Cash Wheat Trend


DTN reports:

While a winter storm is brewing in the western U.S. Plains, May contracts of corn and soybeans held slightly higher in quiet trade. All three wheats fell back from Tuesday’s big gains, ignoring a fourth consecutive day of lower trading in the U.S. dollar.


After a volatile start to the week, May K.C. wheat closed down 6 cents Wednesday at $4.36 3/4, still a part of the downtrend that started in early February. Wednesday’s weather map showed plenty of rain across the southwestern U.S. Plains, followed by high winds and warmer, spring-like temperatures. The rain will also spread eastward to SRW wheat areas on Thursday. Early crop ratings in Kansas are favorable with only 9% of the crop rated either poor or very poor, but it is still very early in the new season. The main bearish pressure on wheat prices continues to be the lack of U.S. exports and, even though prices are cheap, the export pace is unlikely to make much dent in ending supplies. With U.S. wheat supplies plentiful and the uncertainty of a new growing season ahead, the trends in cash HRW and SRW wheat remain down, while the trend in cash HRS wheat is sideways. DTN’s National HRW Index closed at $4.24 Tuesday, 19 cents under the May contract and up from its lowest prices in a year. DTN’s National SRW Index closed at $4.28, up from its lowest prices in 11 months. Trading in March grain contracts expires on Thursday, March 14.

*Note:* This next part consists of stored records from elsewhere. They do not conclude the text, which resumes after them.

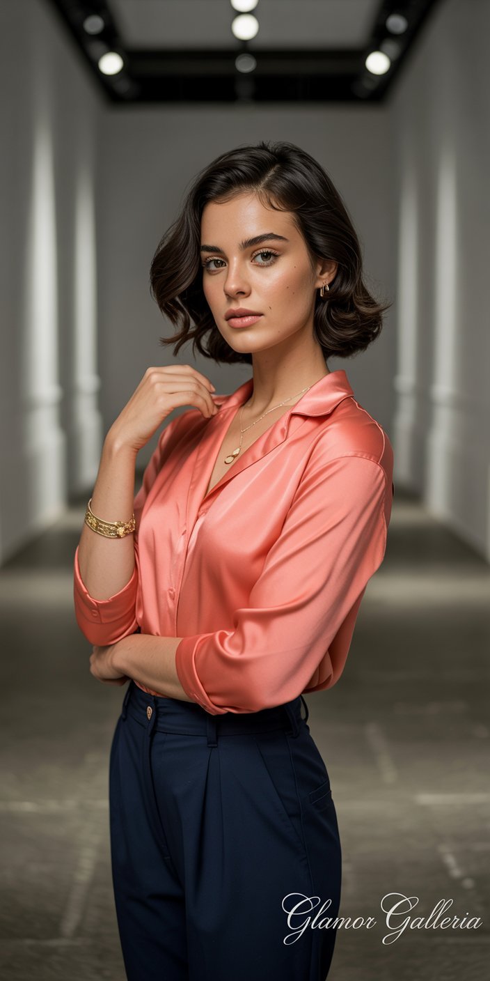 - Styling Tip: Coral blouse tucked into navy high-waisted pants; add gold jewelry for a polished result.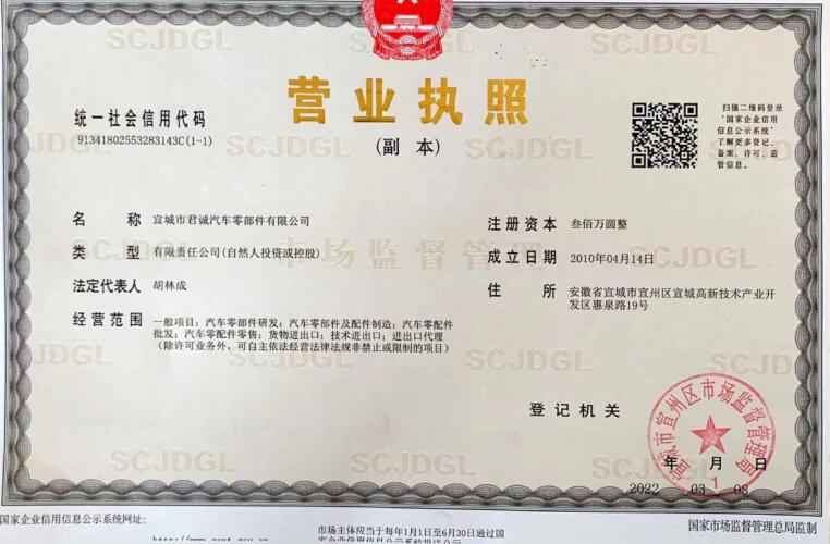 宣城市君誠汽車零部件有限公司 地址:安徽省宣城高新技術(shù)產(chǎn)業(yè)開發(fā)區(qū)惠泉路19號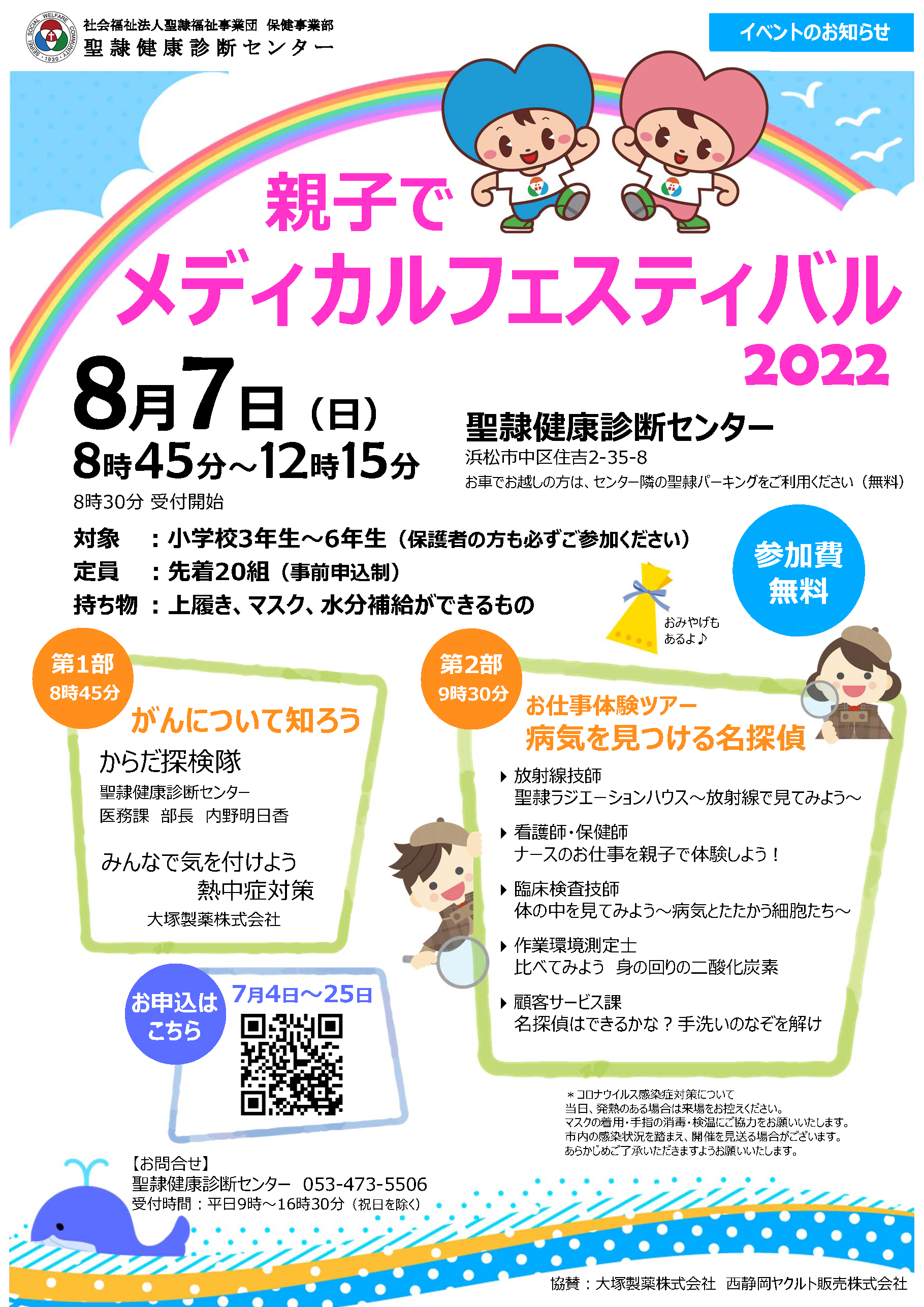 社会福祉法人聖隷福祉事業団(法人本部:静岡県浜松市/理事長:青木善治)の健診機関、聖隷健康診断センター(所長:武藤繁貴)は、夏休みの親子向けイベント「親子でメディカルフェスティバル2022」を2022年8月7日(日)に開催します。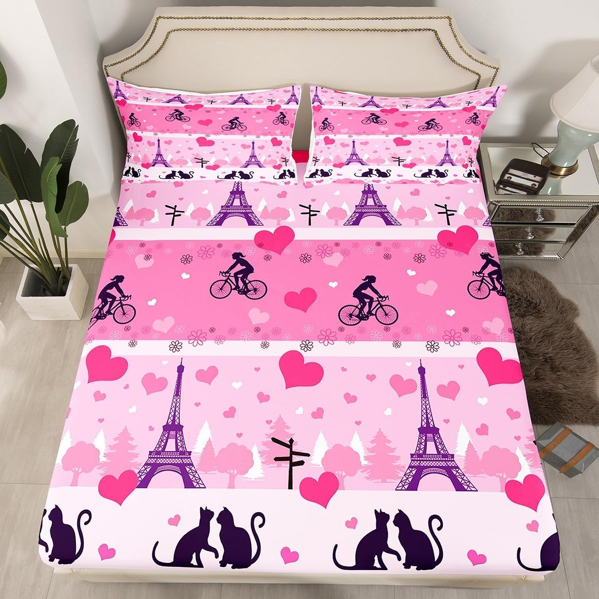 Our fashion Designs Match Any Decor,Modern Fitted Sheet Set Bedding Set,Simply Decorating Your Rooms Any Time You Want,Bringing You Fresh Feel for Year Round Use.Made From Polyester Microfiber Size Information Twin Size Include 2 Pieces Fitted Sheet Set: 1 Fitted Sheet 39"Wx75"Lx16"H(99x190x41cm) and 1 Pillowcase 20"x30"(51x75cm). Full Size Include 3 Pieces Fitted Sheet Set: 1 Fitted Sheet 54"Wx75"Lx16"H(137x191x41cm) and 2 Pillowcase 20"x30"(51x75cm). Queen Size Include 3 Pieces Fitted Sheet Set: 1 Fitted Sheet 60"Wx80"Lx16"H(152x203x41cm) and 2 Pillowcase 20"x30"(51x75cm). Personalize Your Bedroom Beautiful Design and Colorful Print Bed Set,Makes Your Bedroom Unique and Brings You a Wonderful Dream. Washing Instructions Machine Wash Separately In Cold Water,Hang Dry,Do Not Bleach. The Soft Fitted Sheet Bedding Sets Designed for Children,Adult,Men,Women,Teens.This Bed Sheets Is Also Suitable for Full Seasons,Spring,Summer,Autumn and Winter. We Are Dedicated to give You An Excellent Experience, Satisfaction Service from The Moment You Place Your Order Until You Sleep on Your New Bedding The First Time.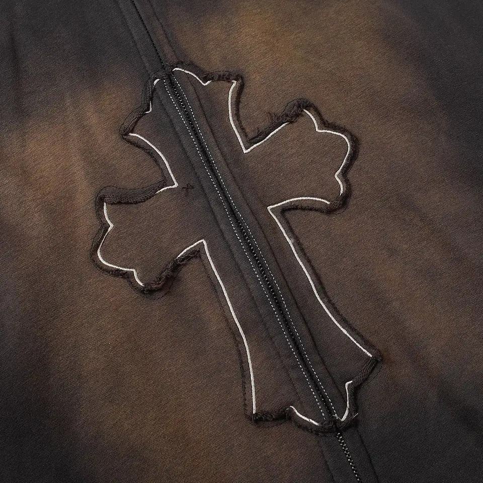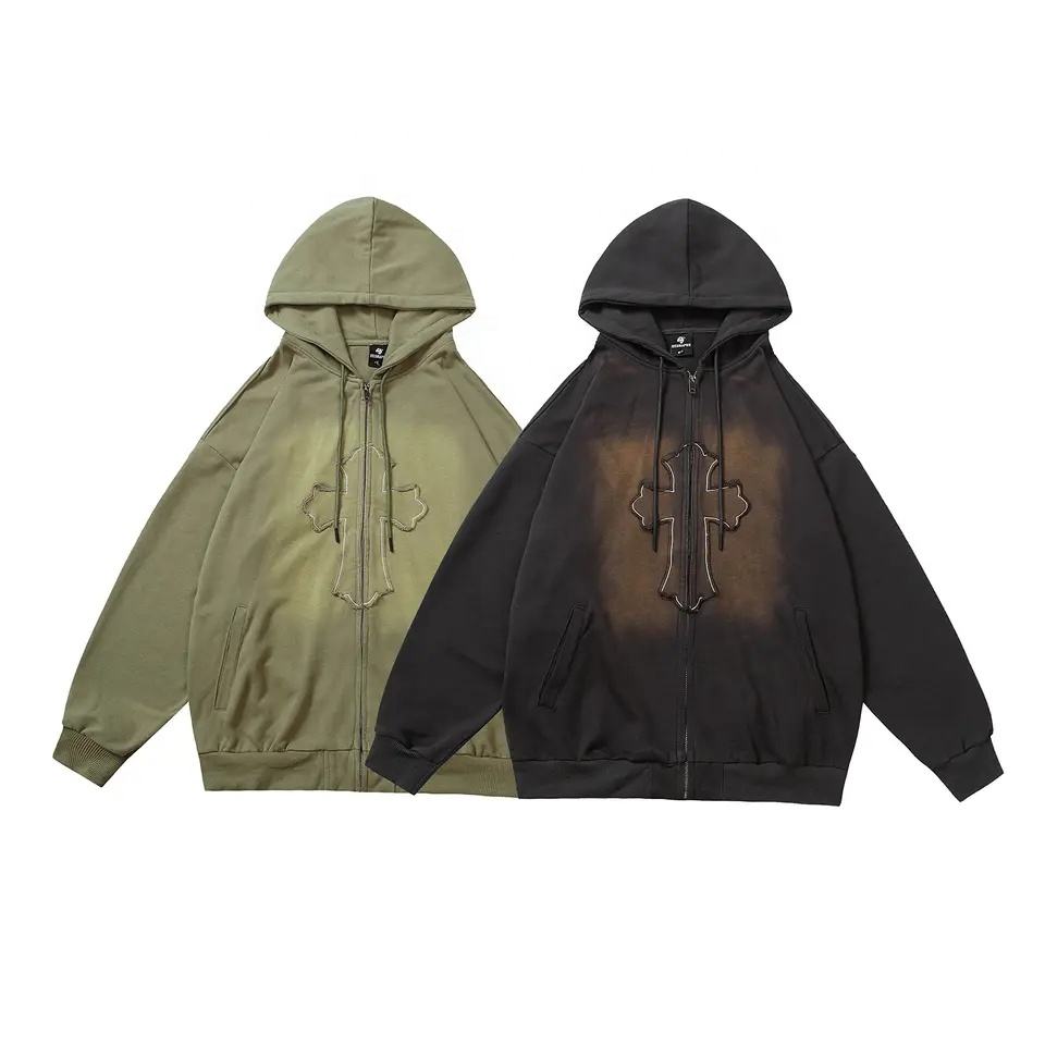 2025 personalizado estrella Puff impresión Unisex Oversize DTG impresión Sudadera con capucha bordado serigrafía Sudadera con capucha ácido lavado Zip HOODY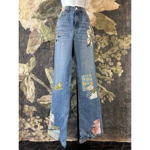 Anthropologie Blue Straight Leg Jeans with Embroidered Details Size 28 Tall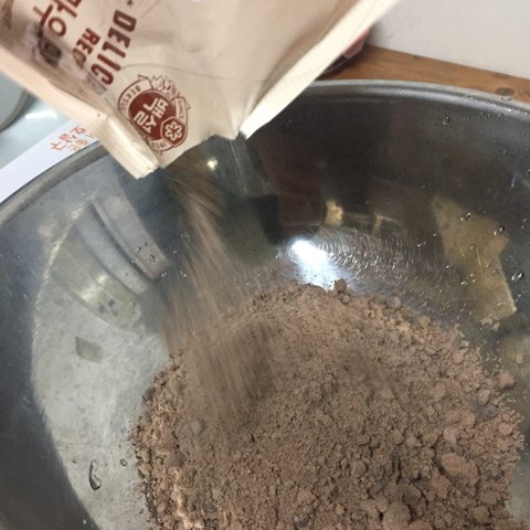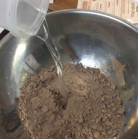들어있는 분말가루를 반죽그릇(아무그릇)에 넣고

May corn closed up 3/4 cent at $3.66 1/2 Thursday, finding slight support after falling to a new contract low Monday and possibly also helped by unconfirmed talk of Chinese buying interest in U.S. corn. Crop conditions in South America remain bearish for prices with mostly beneficial rain in this week’s forecasts for both, Brazil and Argentina. Here in the U.S., corn planting in 2019 remains a concern with wet conditions in most crop areas. Wednesday’s weather map shows rain in the western Plains and a winter storm brewing, expected to turn into a blizzard in the northwestern Plains later Wednesday and into Thursday. Drier conditions are expected in the 6- to 10-day period, what many fields need before planting. Fundamentally, cash corn should still have a chance to trade higher before June, but concerns about export competition from South America have created some doubt. Earlier Wednesday, the U.S. Energy Department said ethanol inventory dropped from 24.3 million to 23.7 million barrels last week, while production was slightly lower. For now, the trend in cash corn is currently down early in 2019. There were 594 contracts of March corn still open early Wednesday, one day before contracts expire. DTN’s National Corn Index closed at $3.36 Tuesday, 29 cents below the May contract and up from its lowest price in over three months. In outside markets, the March U.S. dollar index is trading lower for a fourth consecutive day and most commodities were higher after the Labor Department said U.S. producer prices were up 2.3% in February from a year ago, a lower increase than prices have been showing lately.